The high degree of neutral DNA polymorphisms of most Brassica species (Figdore et al. 1988) has facilitated the development of molecular linkage maps, with at least 15 described to date for B. oleracea (Slocum et al. 1990; Kianian and Quiros 1992; Lan et al. 2000), B. rapa (Song et al. 1991; Chyi et al. 1992; Teutenico and Osborn 1994), B. nigra (Lagercrantz and Lydiate 1996), B. Juncea (Cheung et al. 1997; Pradhan et al. 2003), and B. napus (Landry et al. 1991; Uzunova et al. 1995). Where common sets of DNA markers and/or parental genotypes have been used, it has been possible to designate linkage groups according to a common nomenclature (Parkin et al. 1995, 2005; Butruille et al. 1999; Sebastian et al. 2000). Thus for B. napus linkage groups N1–N10 representing the A genome correspond to B. rapa R1–R10, and linkage groups N11–N19 representing the C genome correspond to B. oleracea O1–O9. Bohuon et al. (1996) demonstrated that marker order and linkage group structure had been conserved between the diploid (B. oleracea) and amphidiploid (B. napus) C genomes. In this study, we generated a detailed linkage map using sequenced EST clones derived from tissue-specific libraries of B. rapa. To establish the identity of linkage groups corresponding to R1–R10, we used SSR markers from Suwabe et al. (2002) and Lowe et al. (2004).
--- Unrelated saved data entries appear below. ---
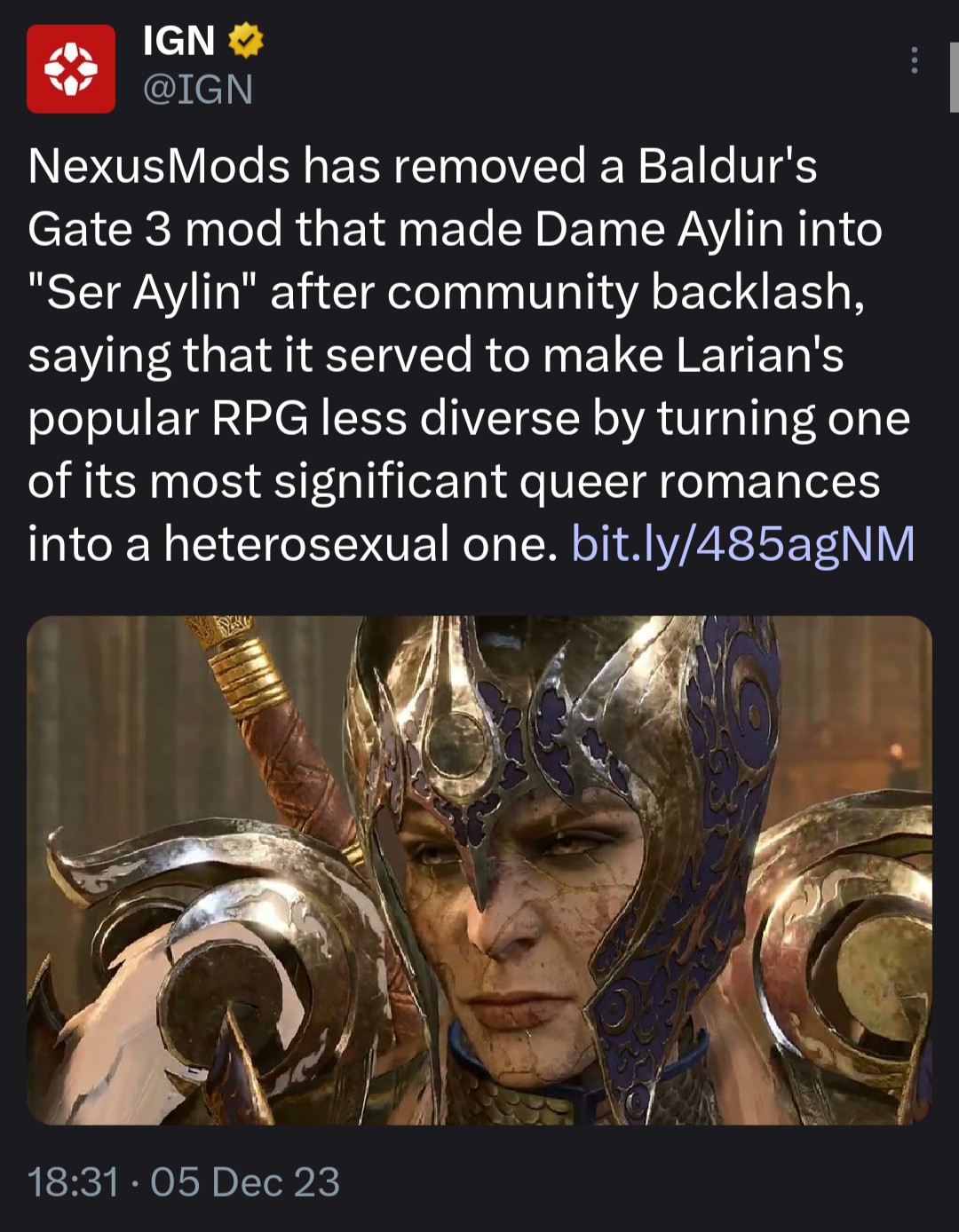 >>2534921 Так может им похуй на повесточку, потому и не упоминают? Мне личной похуй, в БГ3 отыграл с удовольствием, планирую второй раз тоже отыграть. Да, лесбухи, да, пидорасы, но мне лично абсолютно это фиолетово - что есть, что нет. А вот рычащие слюнявые зомби, прыгающие в камеру, че-то не вставляют совершенно, поэтому в деревню играть не планирую. Как-то так.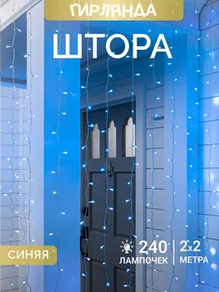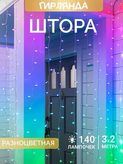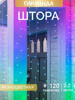 Гирлянда штора 2х2 м разноцветная новогодняя на окно занавес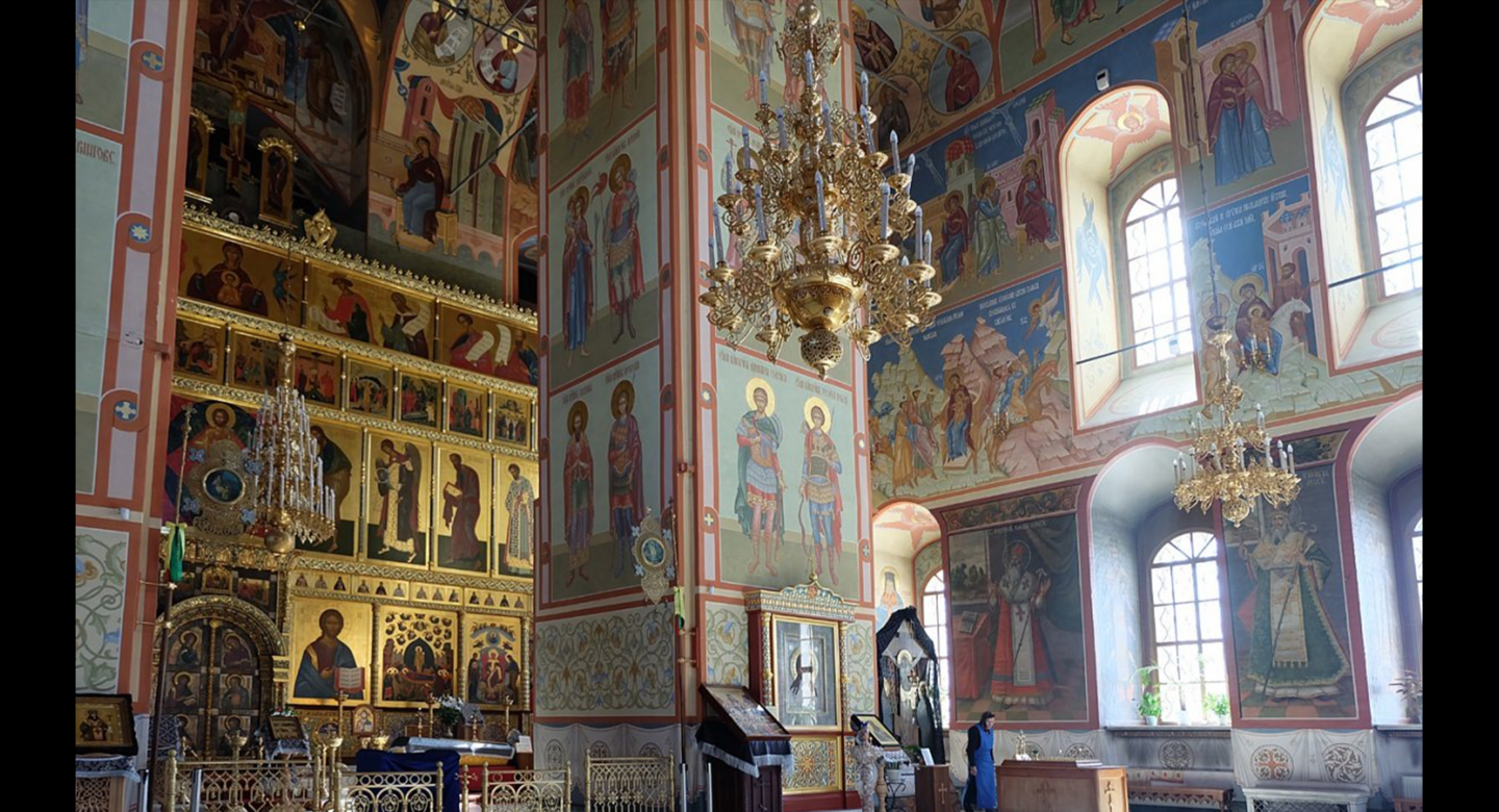 Интересно также, что снаружи за счет своего объема внимание от главного купола перетягивает сторонний, слева (помним, что луковок не было, и основной золотом не помечали). Снаружи в этом плане кажется, что центричность немного нарушина, хотя главный купол и явно выше.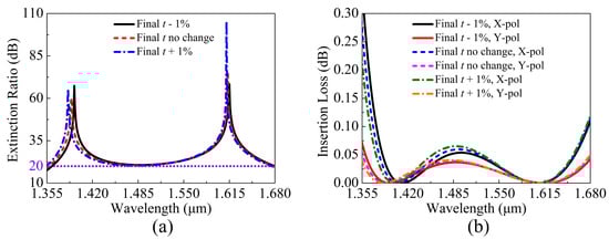 The in the core A and of the X-pol and Y-pol in the core A of the proposed V-DC-PCF PBS are shown in Figure 14a,b when t changes . From Figure 14a, the wavelength range of the larger than 20 dB changes slightly, which indicates that the proposed V-DC-PCF PBS still has a wide . From Figure 14b, the of the X-pol and Y-pol are always less than 0.22 dB in each . Thus, t has good error-tolerant rate in the actual coating process.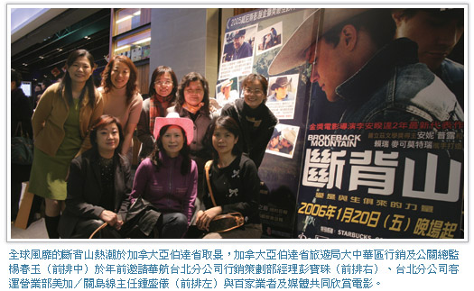 電影主題之旅風行,加拿大亞伯達省看準這股熱潮,加上獲得金球獎七項提名的「斷背山」就於亞伯達省多處拍攝,加拿大亞伯達省旅遊局大中華區行銷及公關總監楊春玉更指出,年底還有布來德彼特主演的The Assassination of Jasse James上檔,電影之旅將是今年亞伯達的重頭戲。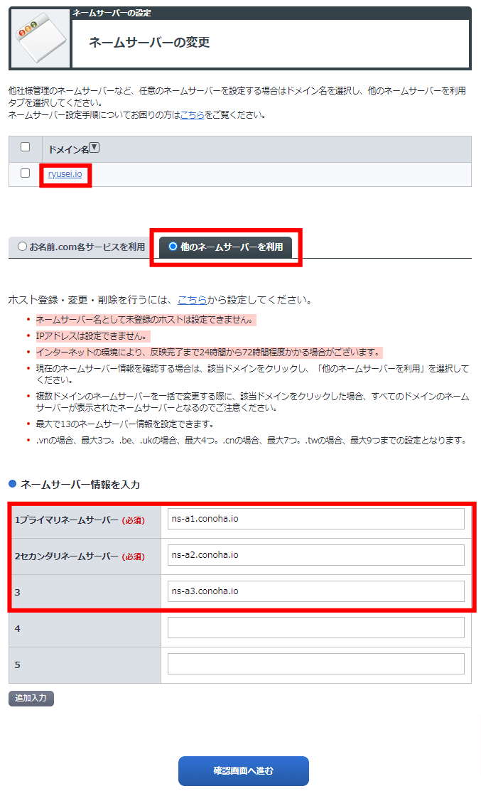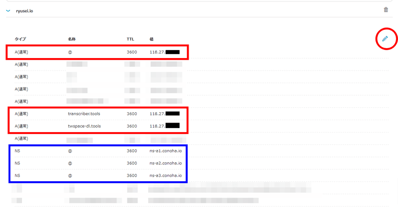 Configure the above settings to route traffic to Conoha VPS's DNS. Since Conoha VPS appears to have three DNS servers, enter ns-a1.conoha.io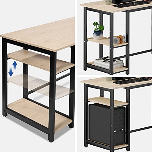• Zmaksymalizuj swoje miejsce: przestronny blat stołu w kształcie litery L, powierzchnia robocza na 3-5 monitorów. Dużo miejsca pod biurkiem narożnym zapewnia swobodę nóg. Dwie regulowane półki zapewniają ponadto wystarczająco dużo miejsca do przechowywania procesora lub książek itp. Stanowią idealną stację roboczą do pracy lub na studia i maksymalizują miejsce.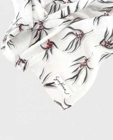 Pañuelo rectangular estampado con flecos cortos blanco .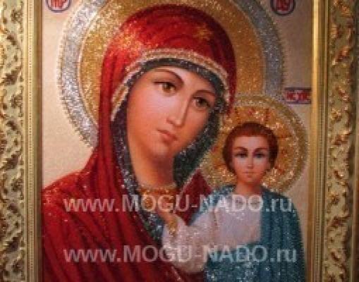Технические параметры: Икона Казанская, мозаика бисером. эксклюзив, авторское исполнение, весь материал высокого качества.Точное повторение невозможно. Цена зависит от размера иконы, от 6 тысяч за размер 20*30. Сделаю под заказ. Уход сухая кисть для сметания пыли.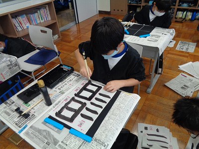 二学期2回目の習字の学習です。今日書く字は「日」です。
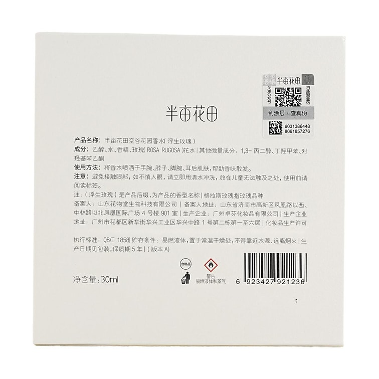 半亩花田 空谷花园香水 高定大师香水 初恋少女香 8H持久留香 30ml #浮生玫瑰 少女的梦是带着绿意的玫瑰星云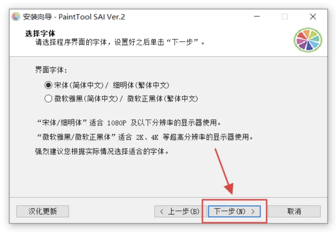 6、选择字体:根据您的显示器分辨率进行选择,1080P推荐:宋体,2K或4K以上推荐:微软雅黑,选择后点击:下一步。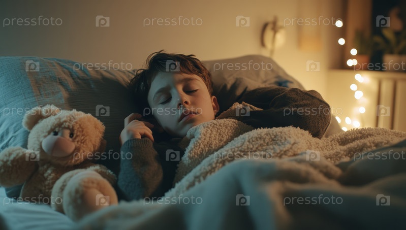 На этом изображении запечатлено тепло и уют детской комнаты перед сном, создающее спокойную и уютную атмосферу, идеально подходящую для спокойных ночей и сладких снов

The Brassica genomes are closely related to the model plant Arabidopsis thaliana, diverging ∼20 MYA (Koch et al. 2001), and remain collinear. Comparative mapping of RFLP probes among the three diploid species B. rapa (n = 10), B. oleracea (n = 9), and B. nigra (n = 8) has suggested that genomes of the Brassica species are composed of three rearranged variants of an ancestral genome and descended from a common hexaploid ancestor (Lagercrantz and Lydiate 1996). All comparative studies of Arabidopsis and Brassica to date have revealed extensive duplications, with Arabidopsis segments being conserved an average of three times within the diploid Brassica genomes (Truco et al. 1996; Lan et al. 2000; Lukens et al. 2003; Parkin et al. 2005). Fiber–FISH mapping has been used to compare a 431-kb Arabidopsis BAC contig with B. rapa mitotic chromosomes (Jackson et al. 2000). Cytogenetic study using 21 Brassicaceae species revealed that the tribe Brassiceae comprising ∼240 species descended from a common hexaploid ancestor that has a similar genome to Arabidopsis (Lysak et al. 2005). Comparative genome analysis revealed that genes are reduced by deletion in the triplication blocks in the Brassica genome (O'Neill and Bancroft 2000; Rana et al. 2004; Park et al. 2005). Recently, we showed the sequence-level indel in four BAC clones that represent a triplicated and segmentally duplicated FLC region of B. rapa and are homologous with 125 kb of Arabidopsis chromosome 5 (Yang et al. 2006).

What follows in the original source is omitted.